▶ [Exercise requirements] Give again, exactly as written, the lines of the records below from the line with "The remodeled apartment" to the line with "Gilet en maille". Both end lines count; pictures do not.

▶ [Data shown]
* * *

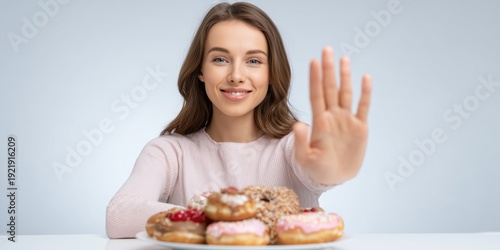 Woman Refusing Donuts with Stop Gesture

* * *

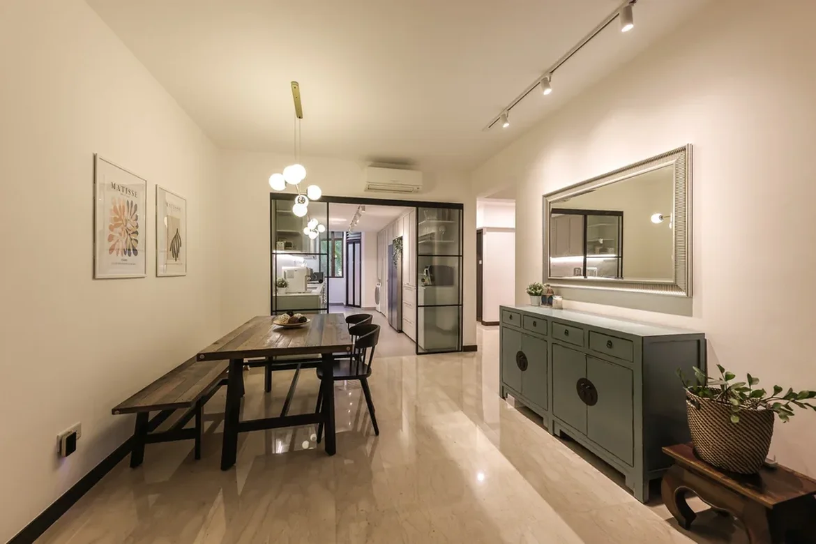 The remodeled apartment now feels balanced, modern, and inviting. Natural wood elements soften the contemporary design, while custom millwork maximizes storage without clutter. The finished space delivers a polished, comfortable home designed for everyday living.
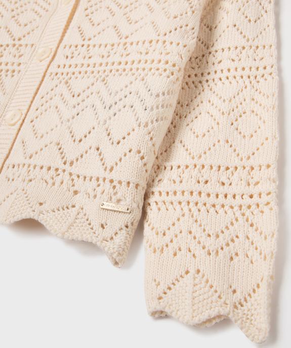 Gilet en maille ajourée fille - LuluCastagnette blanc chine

* * *

▶ [Written solution]
 The remodeled apartment now feels balanced, modern, and inviting. Natural wood elements soften the contemporary design, while custom millwork maximizes storage without clutter. The finished space delivers a polished, comfortable home designed for everyday living.
 Gilet en maille ajourée fille - LuluCastagnette blanc chine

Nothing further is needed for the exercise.